← System Design Reliability Engineering
System Design

Circuit Breaker Pattern

Circuit breakers prevent cascading failures by fast-failing calls to degraded downstream dependencies — a single slow service must not be allowed to exhaust the thread pool of every upstream caller.

TL;DR
  • A circuit breaker is a stateful proxy around remote calls that stops sending traffic to a degraded dependency — fast-failing with a fallback instead of blocking threads waiting for timeouts.
  • Netflix ran 100+ circuit breakers across their microservices using Hystrix. The defaults that became industry standard: 20 requests minimum volume, 50% failure rate threshold, 5-second open window before attempting half-open recovery.
  • The half-open state sends a configurable number of probe requests (Resilience4j default: 3). If ≥ 50% succeed, the breaker closes; any failure re-opens it immediately.
  • Only count server errors (5xx, timeouts) toward the failure rate. HTTP 400/401/404 are client-side bugs — counting them trips the breaker when the downstream service is healthy.
  • Emit a metric on every state transition (Closed→Open, Open→Half-Open, Half-Open→Closed). A breaker that trips and closes silently is operationally invisible.

The Problem

An e-commerce platform's recommendation service starts timing out at 3 seconds due to a slow database query. Every checkout page request calls the recommendation service — 300 concurrent checkout threads are now blocked waiting for 3-second timeouts. The thread pool is exhausted in 30 seconds. New checkout requests queue, then fail with connection timeout errors. The recommendation service — a non-critical, cosmetic feature — has taken down checkout revenue. The root failure is that the upstream caller had no mechanism to stop sending traffic to a dependency it already knew was failing.

Core System Idea

A circuit breaker wraps remote calls in a stateful proxy that tracks execution outcomes within a sliding window. Three states: Closed (normal operation — all calls pass through, outcomes tracked), Open (breaker tripped — all calls immediately return a fallback response, no network call made), Half-Open (recovery probe — a small number of test calls pass through; success closes the breaker, failure re-opens it). The breaker trips from Closed to Open when failure rate or slow-call rate crosses a threshold over a minimum call volume. Minimum volume is critical: without it, a single failure out of one call during low traffic triggers an unnecessary outage. Resilience4j defaults: sliding window of 10 calls, 50% failure threshold, 20-call minimum before evaluation, 5-second wait in Open state, 3 probe calls in Half-Open. These numbers are a starting point — production thresholds should be derived from each dependency's SLA and observed error rate baseline.

System Flow

flowchart TD A["Client Request"] --> B{"Breaker State?"} B -- "Closed" --> C["Execute Remote Call"] C -- "Success" --> D["Return Response"] C -- "Failure or Timeout" --> E["Increment Failure Count"] E --> F{"Threshold Exceeded?"} F -- "Yes" --> G["Trip to OPEN"] F -- "No" --> D B -- "Open" --> H["Return Fallback"] B -- "Half-Open" --> I["Send Probe Request"] I -- "Success" --> J["Close Breaker"] I -- "Failure" --> G

Breaker routes traffic based on state: Closed passes all calls, Open returns fallback immediately, Half-Open sends probes to test recovery.

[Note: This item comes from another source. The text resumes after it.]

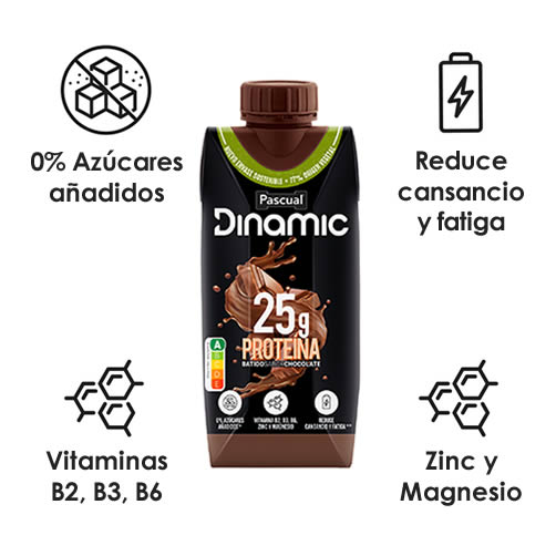 Pascual Dinamic te da 25 gramos de proteínas para mejorar tu rendimiento y recuperación. Con minerales, vitaminas y un gran sabor.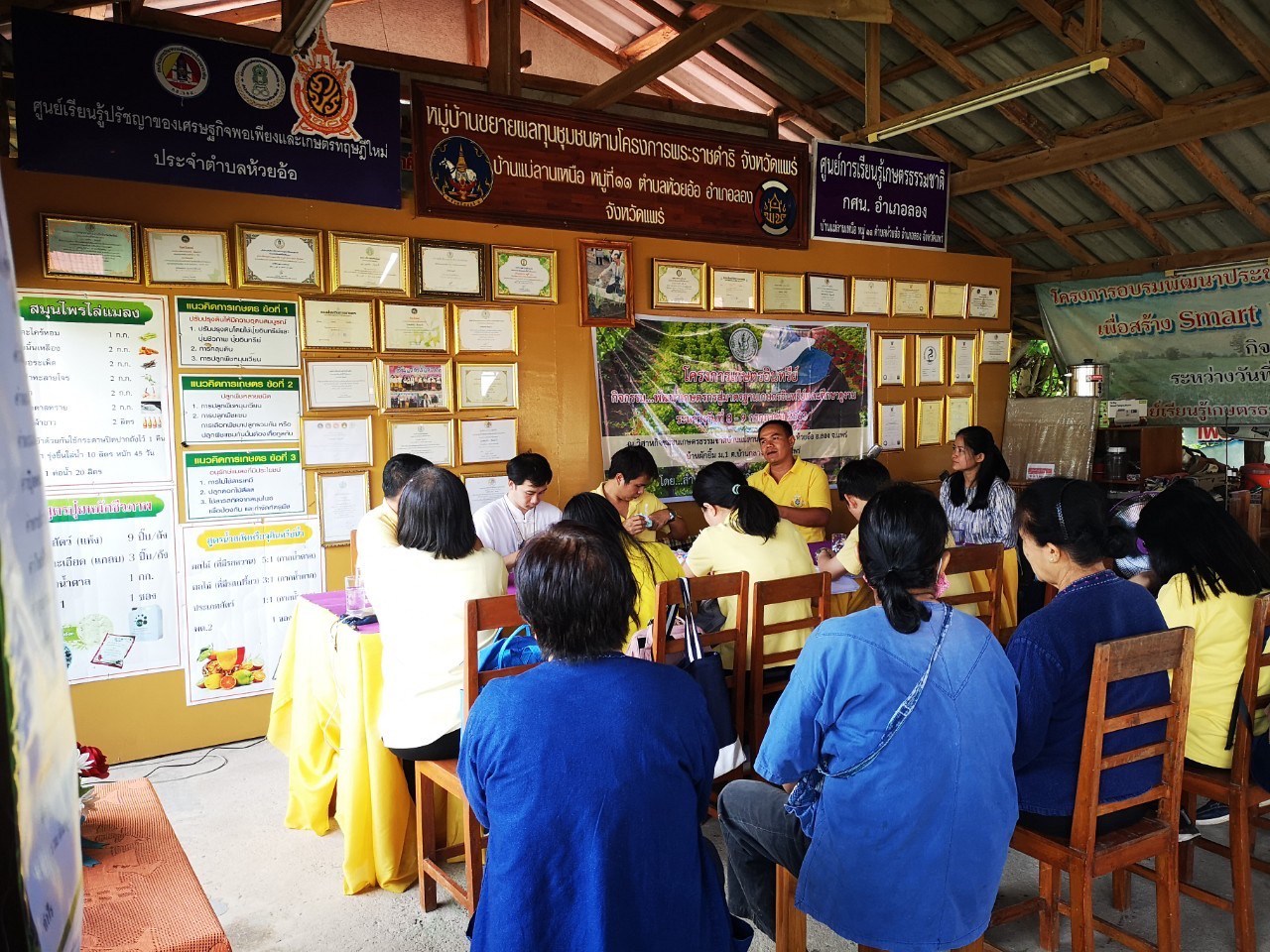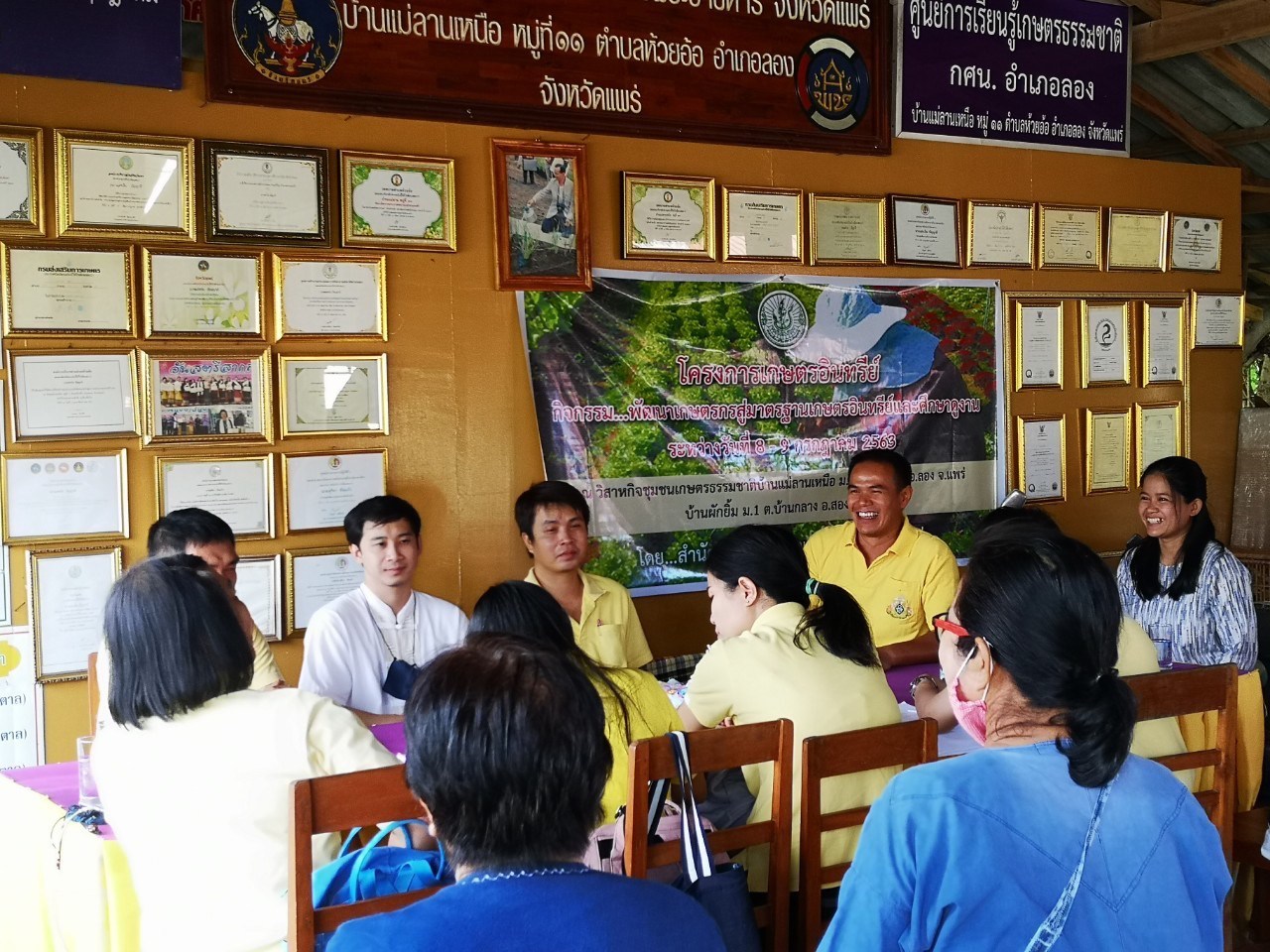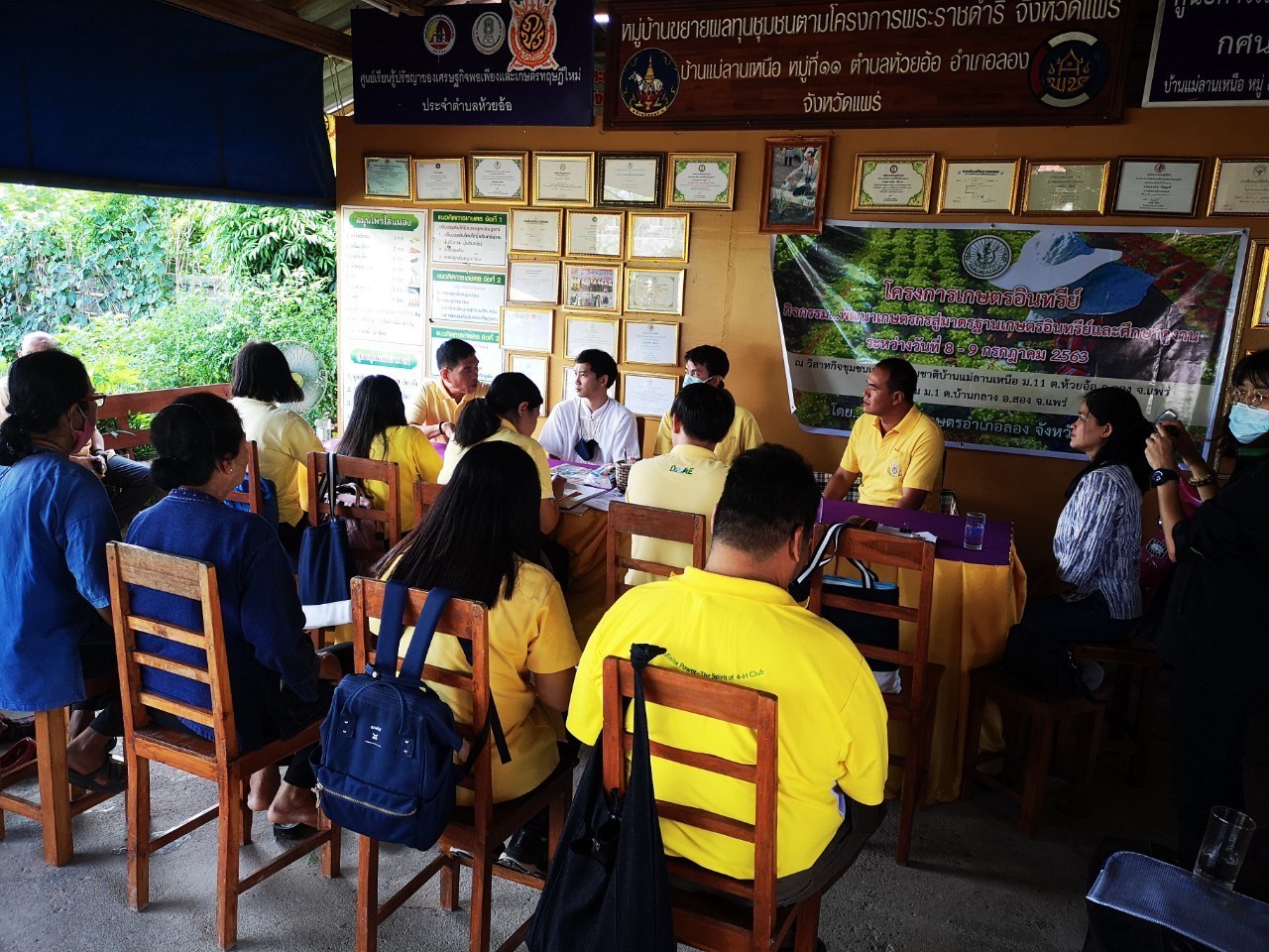 นายสุริยา ขันแก้ว และศึกษา ดูงานแปลงเรียนรู้การปลูกผัก GAP โดยมีผักที่ได้รับใบรับรอง GAP ทั้งหมด 6 ชนิด คือ บวบเหลี่ยม ฟักทอง ผักบุ้งจีน กระเพรา ผักสลัด ข่า และคะน้า ณ ศพก.เครือข่าย ศูนย์เรียนรู้เศรษฐกิจพอเพียงและเทคโนโลยี อำเภอลอง จังหวัดแพร่ พร้อมด้วยเจ้าหน้าที่สำนักงานเกษตรจังหวัดแพร่ และ เจ้าหน้าที่สำนักงานเกษตรอำเภอลอง จังหวัดแพร่

Real-World Examples Indicative

Netflix Hystrix / Resilience4j

Netflix pioneered the circuit breaker pattern in microservices with Hystrix, running 100+ breakers across their service mesh. Each breaker was configured per dependency with dedicated thread pools — a recommendation service thread pool of size 10 meant a maximum of 10 concurrent in-flight recommendation calls; the 11th was immediately rejected. Hystrix is now in maintenance mode; Resilience4j is the successor. Key Resilience4j config: slidingWindowSize=10, failureRateThreshold=50, waitDurationInOpenState=30s, permittedNumberOfCallsInHalfOpenState=3. This means: after 10 calls, if 5+ failed, open for 30 seconds, then send 3 probes — if 2+ succeed, close.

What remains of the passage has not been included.